Baby Names: Does Spelling Count?

“Everybody has such weird names these days,” says Steve Martin’s character in the movie “L.A. Story.”

He’s relieved when he finally meets Sandy, a girl with a normal name (played by Sarah Jessica Parker).

Then she spells it for him: “Big S, small a, small n, big D, small e, big e and then there’s a little star at the end,” SanDeE*explains.

That was nearly 20 years ago and name spellings have gotten increasingly creative since then. Some parents strive to create a memorable spelling for their baby’s name, while others are irritated by the popularity of kree8tive spellings.

I’ve know of kids named Christen, Madelynn, Jayde, Cayleigh, and Kady. I’ve even heard of a Zachary who spells his name Xaqueri and a Shayla who goes by Xela.

But I can’t complain. I named my older Jesse, using what some folks might call the boy’s spelling.  And my younger daughter’s middle name is Shaye, which we pretty much made up on the spot. Not surprisingly, neither Jesse nor Shaye are featured on Babble’s list of baby names for girls.

I never thought of myself as someone who would spell my kids’ name creatively, but we liked the names, so we went with them.

But not everybody is so tolerant of kreatyv misspellings.

“Parents shouldn’t impose cryptic, incoherent or foolish spellings on their own children, nor on society as a whole,” wrote author Paul Schmitberger in The New York Times’ “Complaint Box” column last month.

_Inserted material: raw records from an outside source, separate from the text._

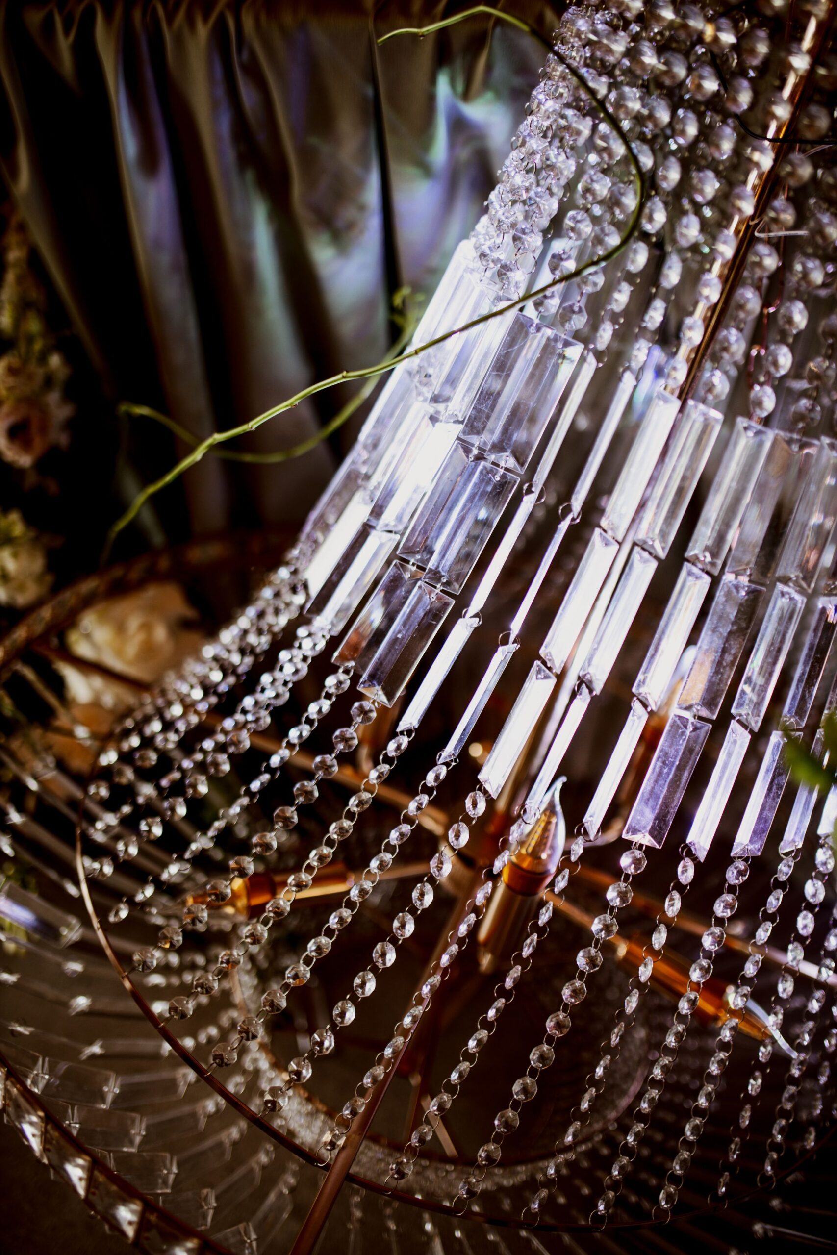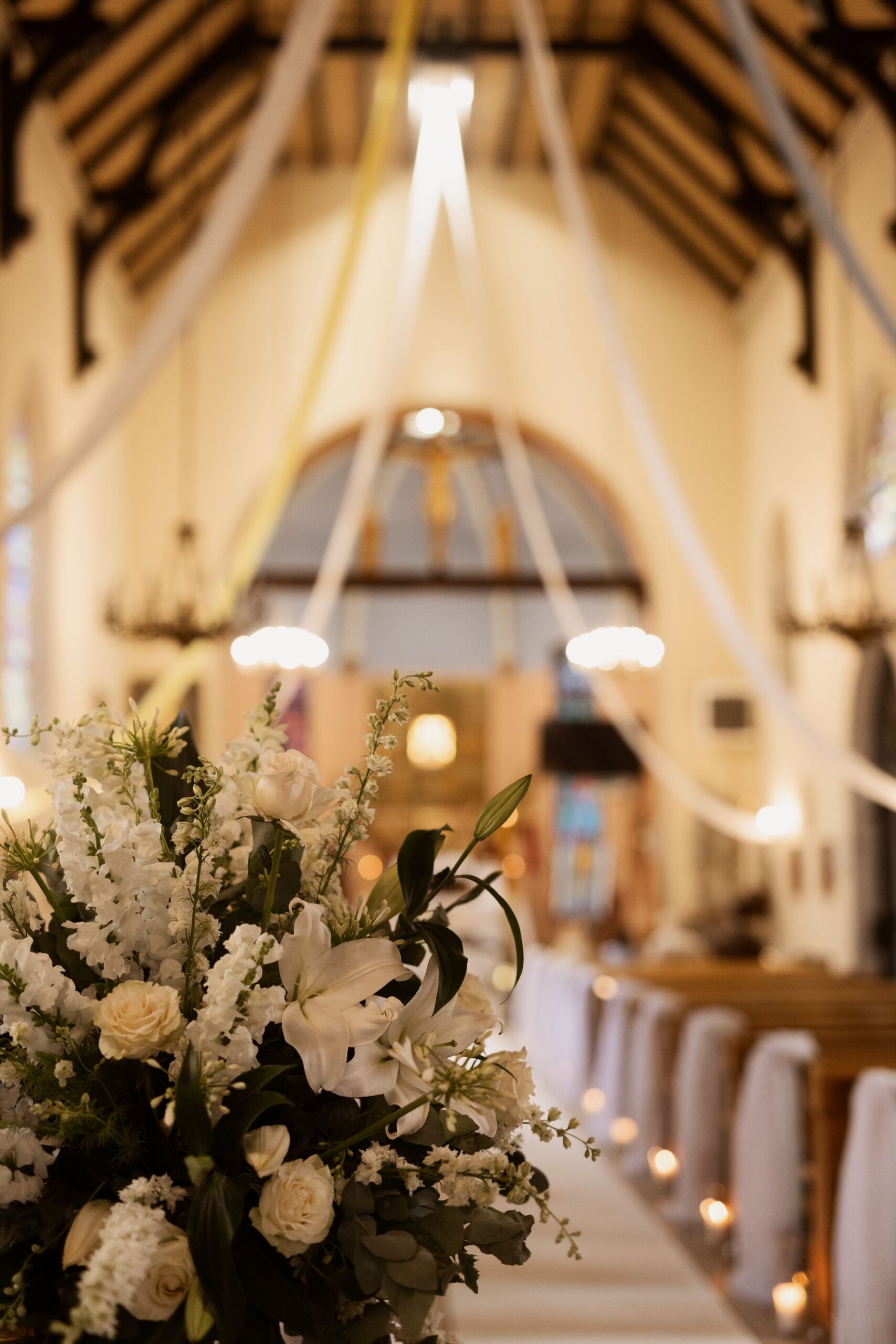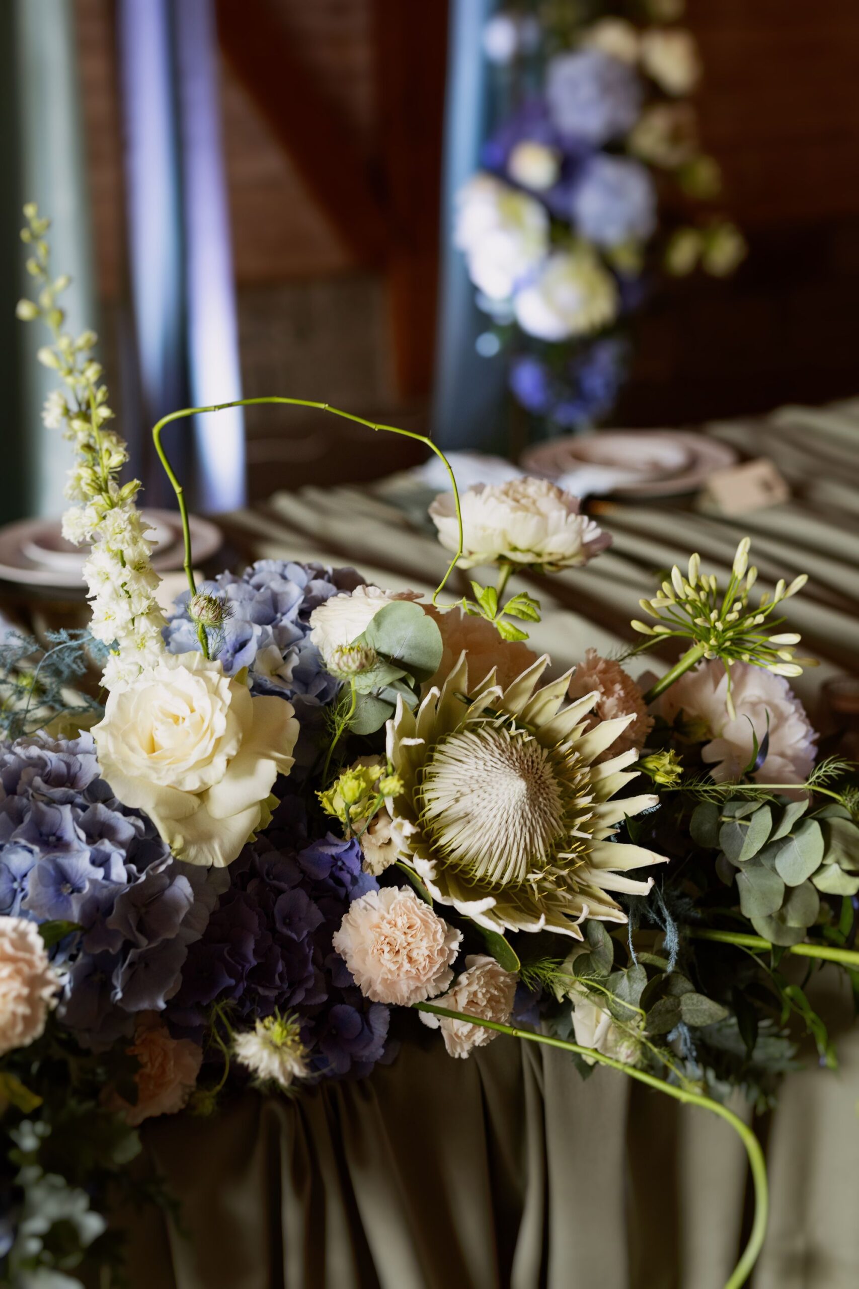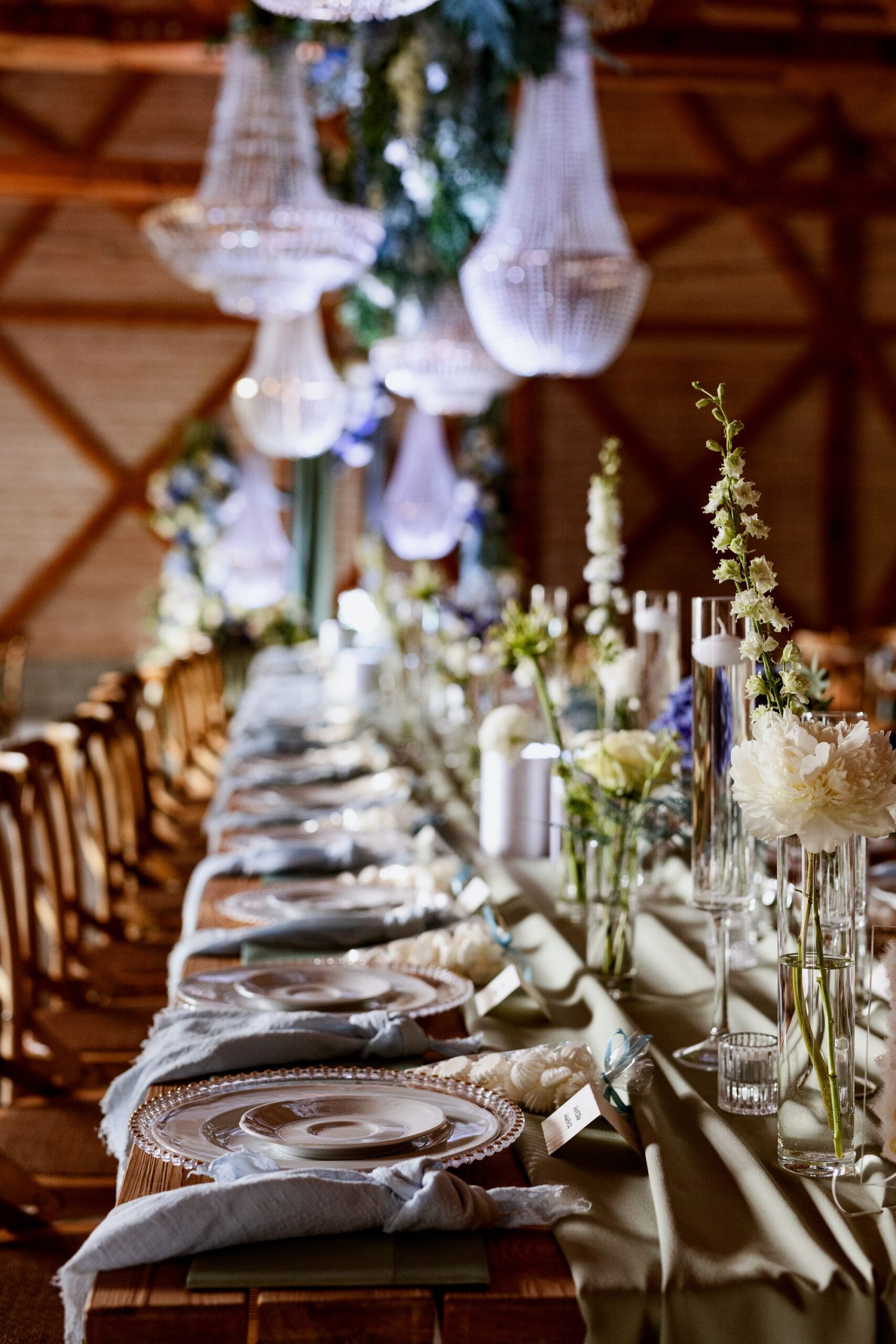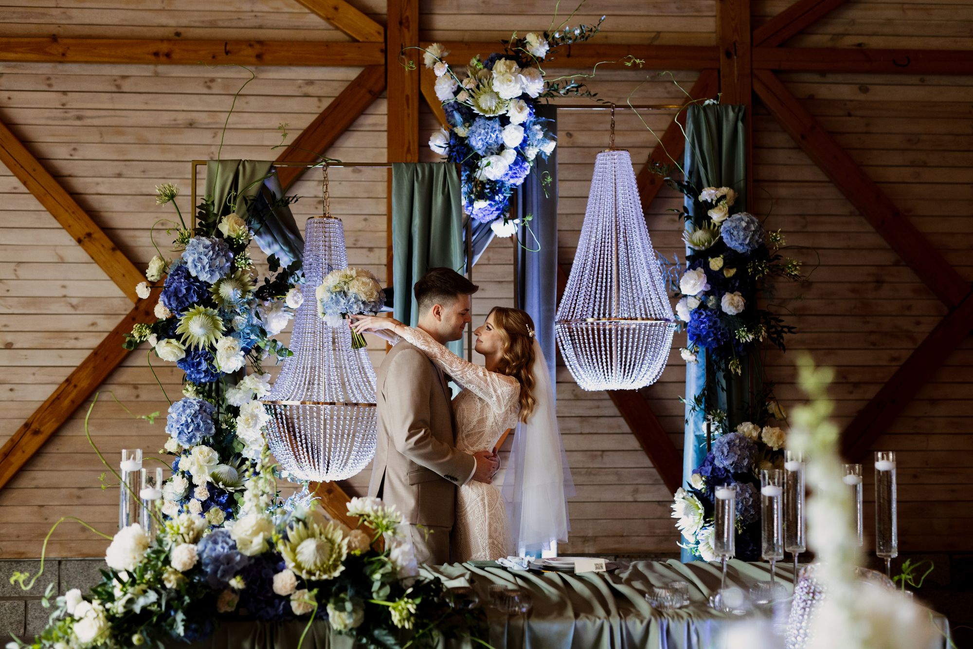 Centralnym punktem tej realizacji była ogromna, podłużna podwieszana kompozycja kwiatowa, zawieszona nad stołami gości. . Wśród kwiatów zawisły podwieszane żyrandole, które dodały dekoracji klasy i subtelnego blasku, jednocześnie budując wyjątkową atmosferę przyjęcia weselnego.
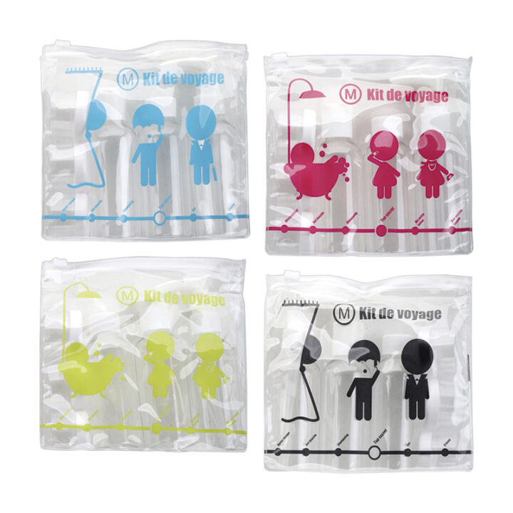 Todos los frascos se encuentran dentro de las limitaciones para viajar en avión. El kit está compuesto por 3 frascos uno de ellos con dosificador, 3 botes y un neceser transparente.
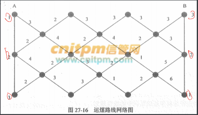 下面的网络图表示从城市A到城市B运煤的各种路线。各线段上的数字表示该线段运煤所需的费用(百元/车)。城市A有三个装货点,城市B有三个卸货点,各点旁标注的数字表示装/卸煤所需的费用(百元/车)。根据该图,从城市A的一个装卸点经过一条路线到城市B的一个卸货点所需的装、运、卸总费用至少为()(百元/车)。
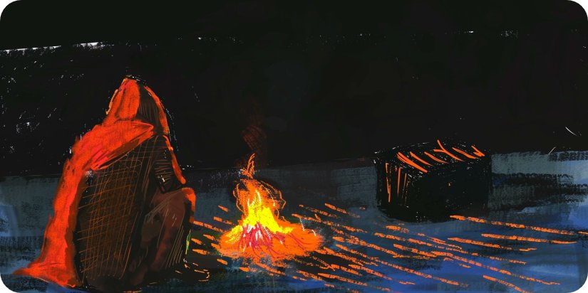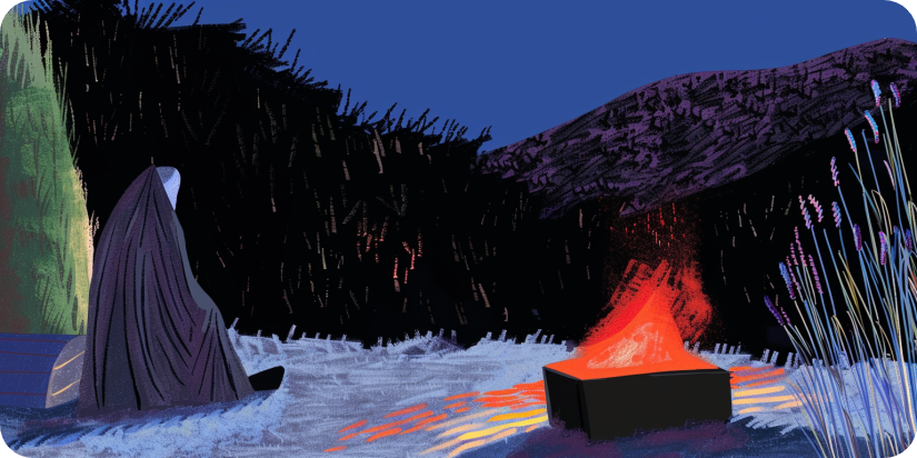 - 🔴 ––sref 3528972627 — Alas, this is the style reference code, also begun with two hyphens. Midjourney can generate a campfire scene in literally billions of different aesthetics, so this particular code activates a specific, hand-drawn charcoal-looking aesthetic.
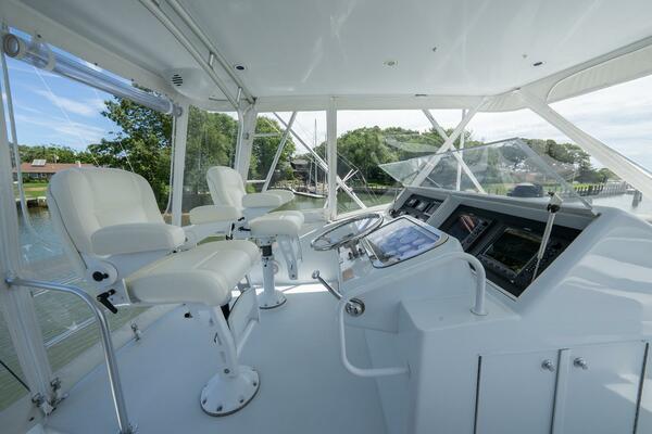 FORTITUDE is a 2001 Hatteras 50 Convertible that has been exceptionally well maintained and proactively serviced. Two owner boat purchased directly from Hatteras with just over 100 hours at that time. She has the preferred CAT 3412 engines generating 1400hp each and providing outstanding performance. She has primarily been used as a seasonal family cruiser and very lightly fished. FORTITUDE lives behind the owner’s home in Greenport, NY and she is always in show worth condition.
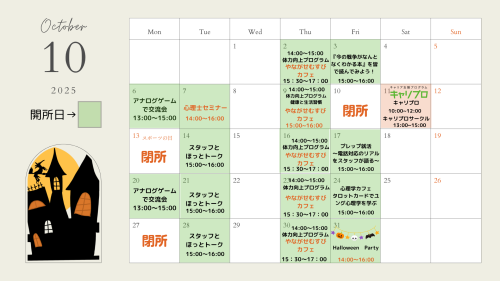10月も基本的には月・火・木・金の13時~17時に開所します。
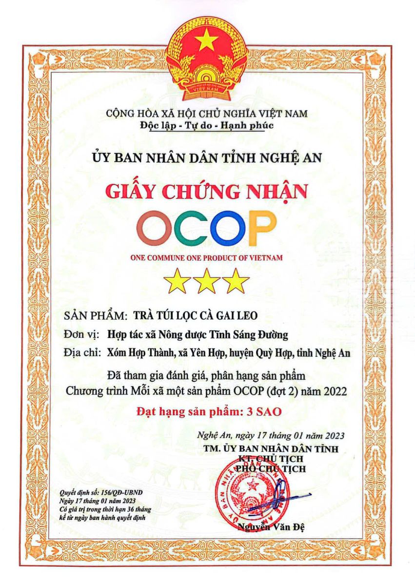 Sản xuất tại : Hợp tác xã Nông dược Tĩnh Sáng Đường
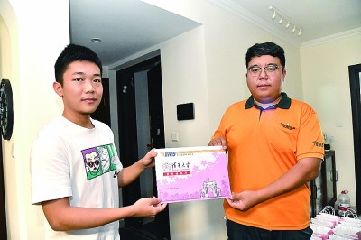 7月12日,山東省濟南市郵政分公司的投遞員將來自清華大學的錄取通知書投遞給濟南外國語學校畢業生毛姜壹。這是山東郵政投遞的山東省第一封高考錄取通知書。至此,山東省高考錄取通知書投遞工作拉開大幕。崔鵬森攝/光明圖片
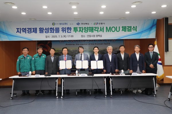 [충청뉴스큐] 경상북도와 안동시는 3일 안동시청 청백실에서 ㈜제이오푸드와 총 87억원 규모의 식육·식품 제조공장 신설을 위한 투자 양해각서를 체결했다.
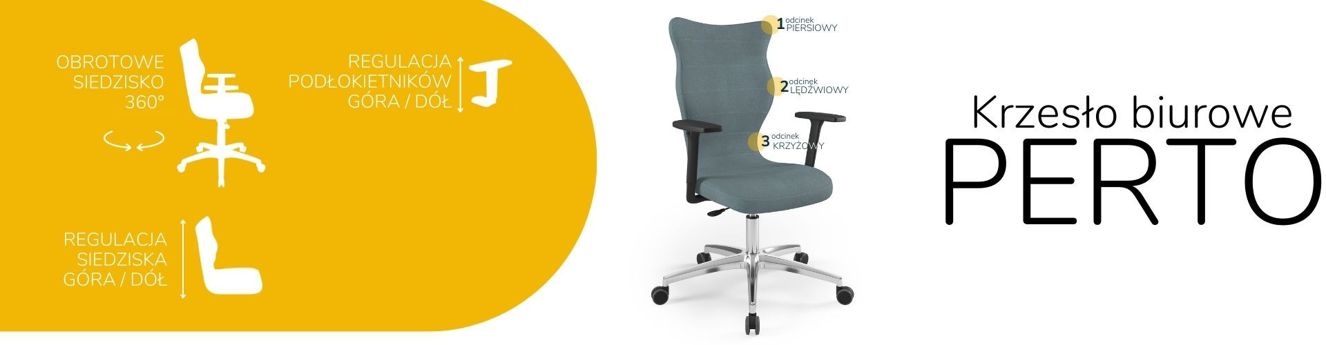 Moderní židle Perto Black je praktické a elegantní řešení přizpůsobené potřebám moderní kanceláře. Při dlouhé práci vsedě jsou velmi důležité správné podmínky. Optimální držení těla je naprosto zásadní, ale důležité jsou také otázky, jako je vzdálenost od monitoru a časté změny polohy. Kancelářská židle Perto s leštěnou podnoží, kterou nabízíme, vám umožní efektivně se postarat o všechny tři aspekty najednou. Tím se zvyšuje naše výkonnost a výrazně se snižují negativní účinky sedavého zaměstnání. Kancelářská židle na kolečkách také řeší organizační problémy spojené s uspořádáním a změnou uspořádání prostoru v kanceláři. Můžeme je snadno přemístit nebo přesunout do nižšího či vyššího patra. Nebude nás to stát příliš mnoho úsilí, protože námi navržená leštěná kancelářská židle je velmi lehká.
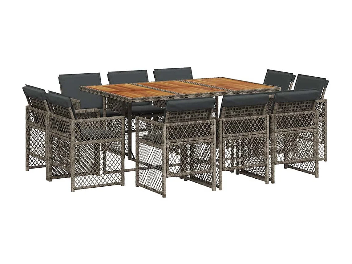 Set de comedor de jardín 11 piezas y cojines ratán sintético gris
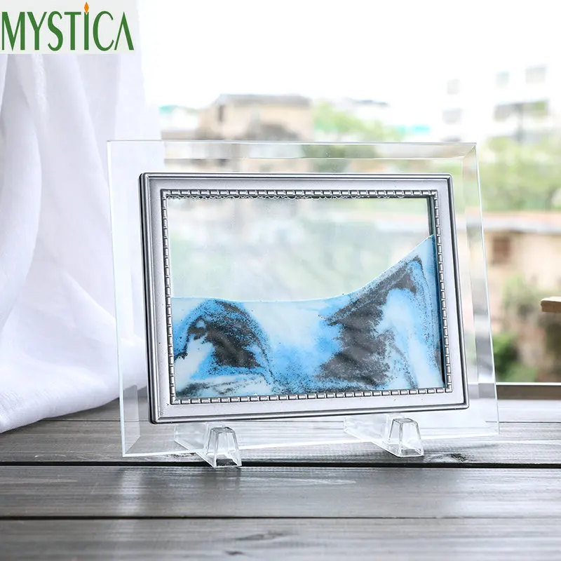 Comprar Enfeites para casa de vidro areia movediça fluxo criativo pintura de paisagem sala de escritório presentes de aniversário 3D ampulheta Decoração Baratas Online Preço.

Schmitberger’s rant was inspired by a birth announcement for a baby named Madicyn.

Over at CafeMom, Michele Zipp defends unusual name spellings saying the world would be boring if everyone spelled their names the same way.

“Why does anyone have to abide by some name rulebook that doesn’t exist?” asks Zipp.

Schmitberger blames the trend in creative name spellings on parents who want their child to feel “special and unique” with their “special, uniquely spelled name.”

Despite favoring Jesse and Shaye, in general, I’d say I fall on the side of classic name spelling — mostly to spare the kid a lifetime of spelling their name. Then again, nowadays, having an unusual name or a popular name spelled in a distinctive way isn’t so unusual.

What do you think? Should it be Brittany, Britnee, Britany, Brittney or none of the above? Are unusual spellings charming or annoying?